- SUPPLIED DATA
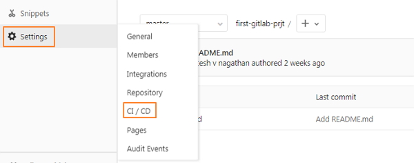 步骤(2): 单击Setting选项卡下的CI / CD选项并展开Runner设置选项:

==

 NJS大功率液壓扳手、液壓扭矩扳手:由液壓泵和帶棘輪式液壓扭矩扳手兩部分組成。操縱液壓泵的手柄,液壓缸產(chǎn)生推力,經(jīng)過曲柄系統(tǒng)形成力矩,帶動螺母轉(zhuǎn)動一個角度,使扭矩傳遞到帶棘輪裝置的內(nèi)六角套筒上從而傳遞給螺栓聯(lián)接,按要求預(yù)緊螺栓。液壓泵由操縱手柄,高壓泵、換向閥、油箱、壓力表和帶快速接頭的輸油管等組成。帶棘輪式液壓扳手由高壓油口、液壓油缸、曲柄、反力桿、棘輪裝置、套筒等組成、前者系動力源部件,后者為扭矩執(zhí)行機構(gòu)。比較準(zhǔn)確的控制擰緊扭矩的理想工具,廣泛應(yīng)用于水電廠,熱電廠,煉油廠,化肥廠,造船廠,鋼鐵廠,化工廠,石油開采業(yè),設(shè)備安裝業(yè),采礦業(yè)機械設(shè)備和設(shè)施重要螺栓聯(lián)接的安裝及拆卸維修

...

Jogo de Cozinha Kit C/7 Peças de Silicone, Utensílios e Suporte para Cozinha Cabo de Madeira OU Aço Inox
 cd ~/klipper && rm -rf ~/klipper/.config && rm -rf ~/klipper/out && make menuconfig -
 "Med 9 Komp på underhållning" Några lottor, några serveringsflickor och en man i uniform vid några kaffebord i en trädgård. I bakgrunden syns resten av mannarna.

- WORK TO BE COMPLETED
Within the material above, copy exactly the lines from the line that holds "Jogo de Cozinha" up to and including the line that holds "resten av mannarna.".

- WRITTEN ANSWER
Jogo de Cozinha Kit C/7 Peças de Silicone, Utensílios e Suporte para Cozinha Cabo de Madeira OU Aço Inox
 cd ~/klipper && rm -rf ~/klipper/.config && rm -rf ~/klipper/out && make menuconfig -
 "Med 9 Komp på underhållning" Några lottor, några serveringsflickor och en man i uniform vid några kaffebord i en trädgård. I bakgrunden syns resten av mannarna.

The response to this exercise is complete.